• **Problem to work on**
Below are the entries to work from; restate word for word the portion that opens with the line containing "下面的动图演示了attention 引入 Encoder-Decoder" and closes with the line containing "Deluxe Tray Service/Utility", keeping both.

── Exercise data

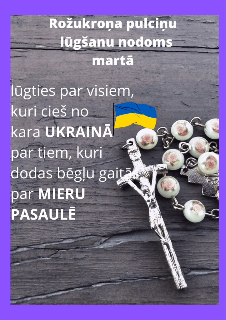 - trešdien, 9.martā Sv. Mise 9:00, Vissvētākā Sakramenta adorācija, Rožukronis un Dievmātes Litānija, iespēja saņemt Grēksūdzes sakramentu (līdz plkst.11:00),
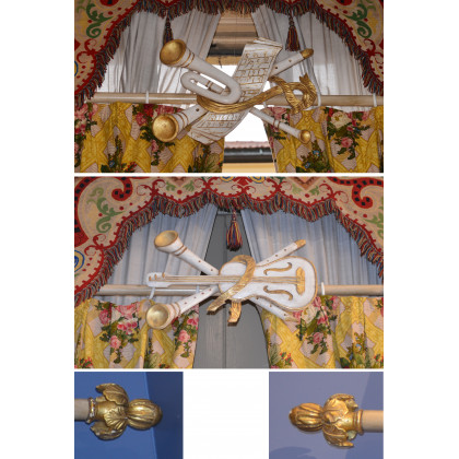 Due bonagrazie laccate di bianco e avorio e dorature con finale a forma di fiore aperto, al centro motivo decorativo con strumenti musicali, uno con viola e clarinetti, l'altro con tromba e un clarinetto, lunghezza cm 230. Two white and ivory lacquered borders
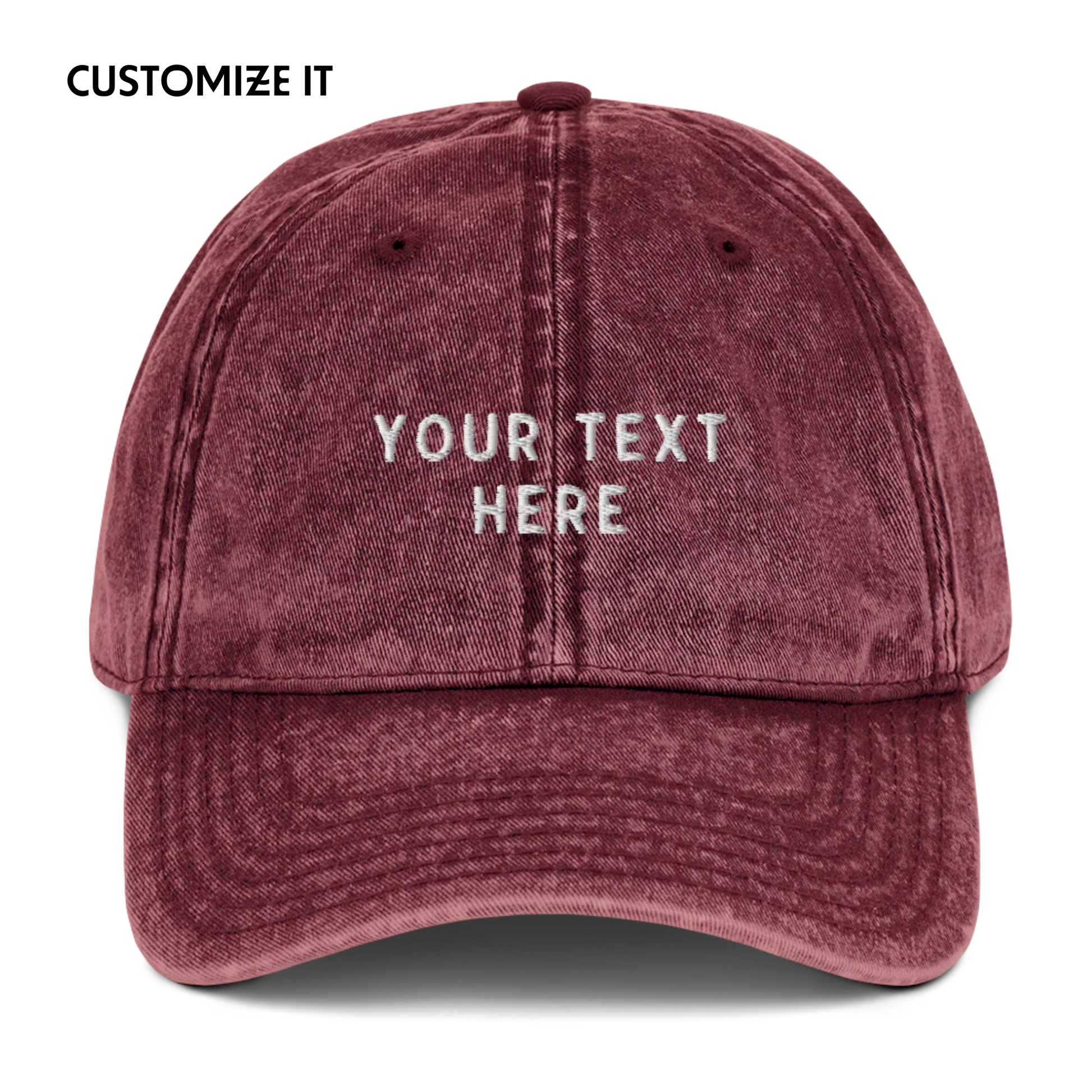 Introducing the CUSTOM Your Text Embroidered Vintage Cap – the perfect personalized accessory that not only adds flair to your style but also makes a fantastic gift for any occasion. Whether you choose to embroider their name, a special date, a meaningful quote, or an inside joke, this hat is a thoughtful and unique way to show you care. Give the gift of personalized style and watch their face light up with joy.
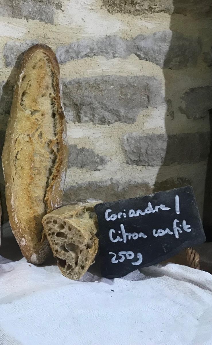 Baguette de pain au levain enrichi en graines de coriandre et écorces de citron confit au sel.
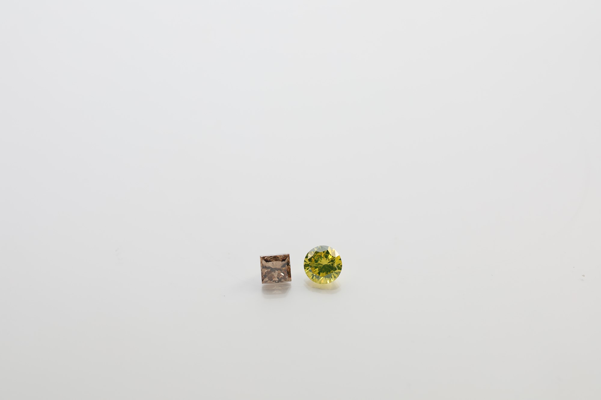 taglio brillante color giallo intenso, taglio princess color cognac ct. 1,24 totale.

────
── Exercise data

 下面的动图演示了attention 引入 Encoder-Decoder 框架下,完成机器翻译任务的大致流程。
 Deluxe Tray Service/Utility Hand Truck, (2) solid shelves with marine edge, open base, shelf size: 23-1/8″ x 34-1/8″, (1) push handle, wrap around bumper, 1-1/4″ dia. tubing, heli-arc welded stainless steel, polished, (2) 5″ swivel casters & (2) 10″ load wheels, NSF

────

• **Final answer**
 下面的动图演示了attention 引入 Encoder-Decoder 框架下,完成机器翻译任务的大致流程。
 Deluxe Tray Service/Utility Hand Truck, (2) solid shelves with marine edge, open base, shelf size: 23-1/8″ x 34-1/8″, (1) push handle, wrap around bumper, 1-1/4″ dia. tubing, heli-arc welded stainless steel, polished, (2) 5″ swivel casters & (2) 10″ load wheels, NSF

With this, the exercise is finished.